The Reserve Bank of India’s (RBI) tough proposals to curb mis-selling are long overdue. Its clear warning—that customer suitability matters more than commissions earned from subsidiaries or third-party tie-ups—strikes at the heart of a deeply entrenched problem. Even more significant is the proposal for full refunds and compensation in cases of proven mis-selling, along with tighter oversight of advertising and sales practices across banks and non-banking financial companies. Mis-selling of financial products, particularly insurance and mutual funds, has been a persistent menace.
No More Forced Bundling
Consider the numbers: According to the Insurance Regulatory and Development Authority of India’s (Irdai) annual report for FY25, over 120,000 grievances were registered against life insurers. Of these, almost a quarter related to unfair business practices, including mis-selling. That is not a marginal aberration; it is systemic. The damage goes beyond individual losses. Insurance penetration in India continues to stagnate at 3.7% of GDP. When customers feel misled, they retreat from formal financial products altogether. Mis-selling may boost short-term commissions for insurers, banks, and agents, but it erodes long-term trust—the very foundation of financial deepening.
The mutual fund industry has had its own excesses. Distributors once aggressively pushed new fund offers (NFOs) by marketing them as “cheaper” than existing schemes because of lower net asset values, leaving some investors holding dozens of overlapping funds. The removal of entry loads and stronger oversight have curbed some of these practices, and mutual fund penetration has risen. But the underlying conflict of incentives has never fully disappeared.
What makes the RBI’s intervention noteworthy is its breadth. It addresses many of the core pressure points in bancassurance.

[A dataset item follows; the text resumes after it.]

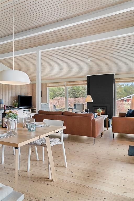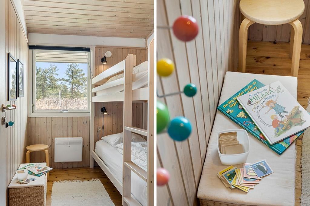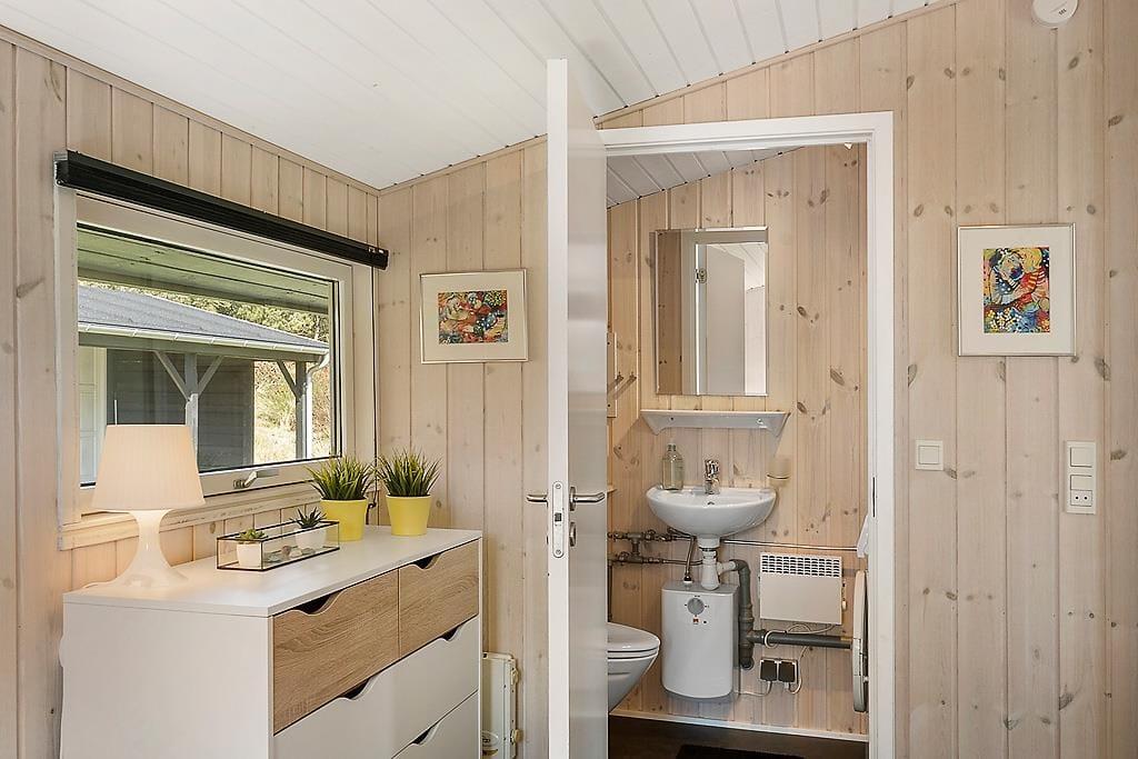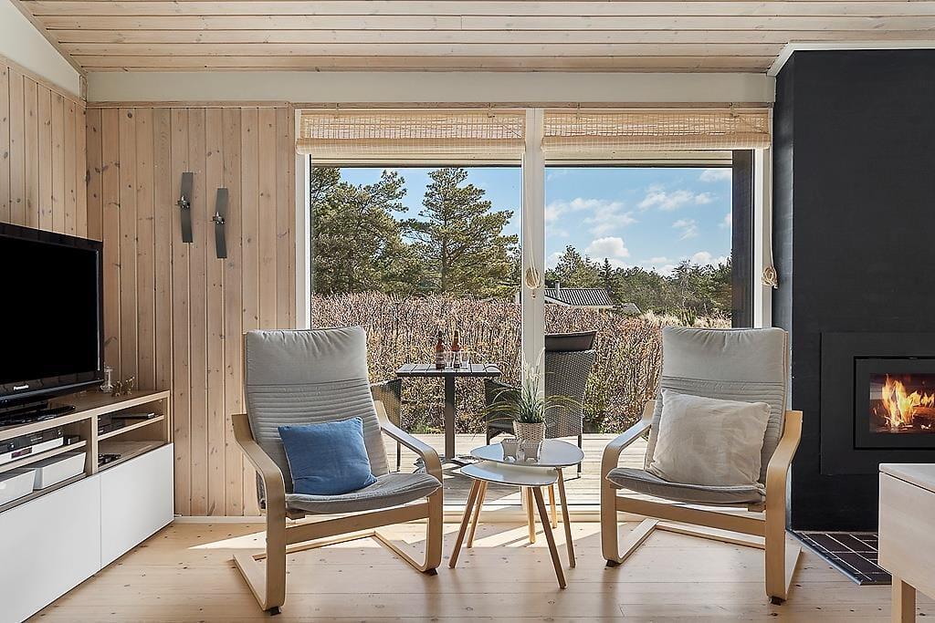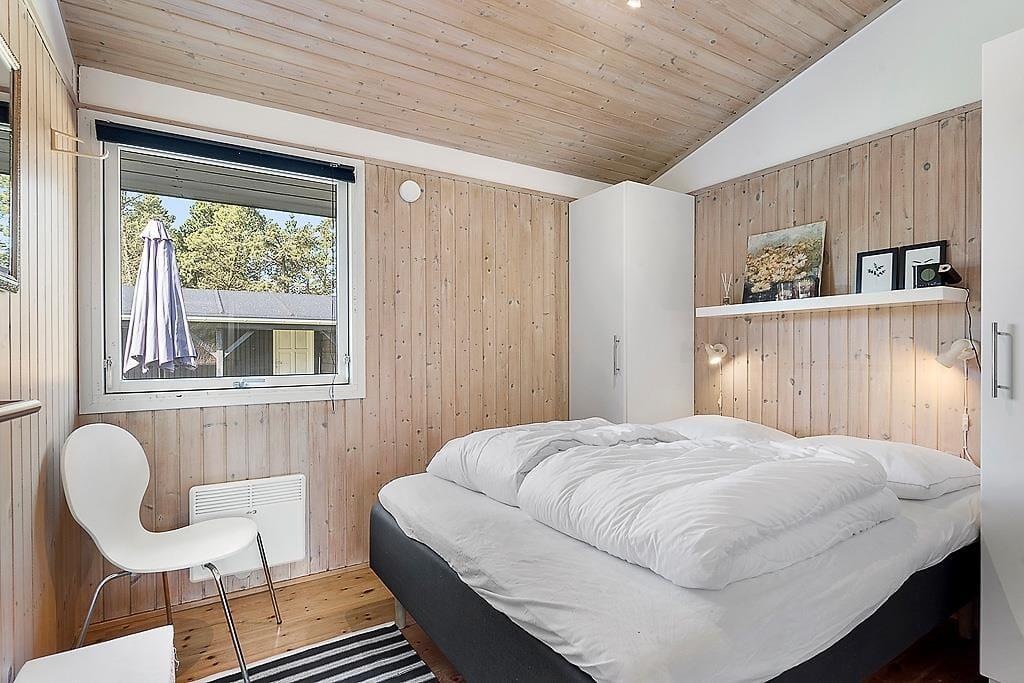 Når du træder ind i sommerhuset, mødes du af lyse, indbydende værelser, der skaber en varm og hyggelig atmosfære. Den åbne planløsning binder stuen og køkkenet sammen, og med store vinduespartier strømmer sollyset ind og giver et dejligt lys i hele rummet. Den smukke brændeovn er en klar favorit til de køligere aftener, hvor du kan nyde en god bog eller bare sidde og slappe af med en varm drik. De rummelige værelser giver mulighed for, at hele familien kan føle sig hjemme, og den afslappende atmosfære gør det til et perfekt sted at lade op efter en dag med aktiviteter.

Compulsory bundling—such as linking a home loan to the purchase of an insurance policy—will no longer be permissible. Nor can banks make the purchase of an investment product a condition for sanctioning a loan. Banks will also be barred from funding the purchase of their own or third-party products out of sanctioned loans without explicit consent. If a bank distributes a third-party product, customers must be free to source it from any provider.
Crucially, the RBI has gone further by scrutinising internal sales practices. Competitions among business units that encourage aggressive cross-selling have been flagged as potential breeding grounds for mis-selling. Direct or indirect incentives from third-party providers will be disallowed—which could effectively end the culture of lavish off-site rewards for top agents and distributors.
Ending Aggressive Cultures
Telemarketing calls will be restricted to office hours, and field visits must respect reasonable timing norms. Importantly, the regulator has also recognised modern forms of manipulation. “Dark patterns”—misleading digital design tactics such as pre-ticked boxes, forced add-ons, subscription traps, and artificial scarcity cues—have been explicitly identified. For consumers, especially senior citizens, this could offer meaningful relief. Relationship managers, armed with granular financial data, have often pushed unsuitable products for years.
In December, Finance Minister Nirmala Sitharaman publicly flagged the problem and urged banks to focus on core banking—deposits and lending—rather than aggressive cross-selling. The RBI has now backed that sentiment with strong proposals. The intent is welcome. But the ultimate test will lie in enforcement. Unless incentive structures change and penalties are visible and swift, mis-selling will simply mutate into subtler forms. The RBI has drawn a clear line. It is now incumbent upon banks—and regulators such as Irdai—to ensure it is not blurred in practice.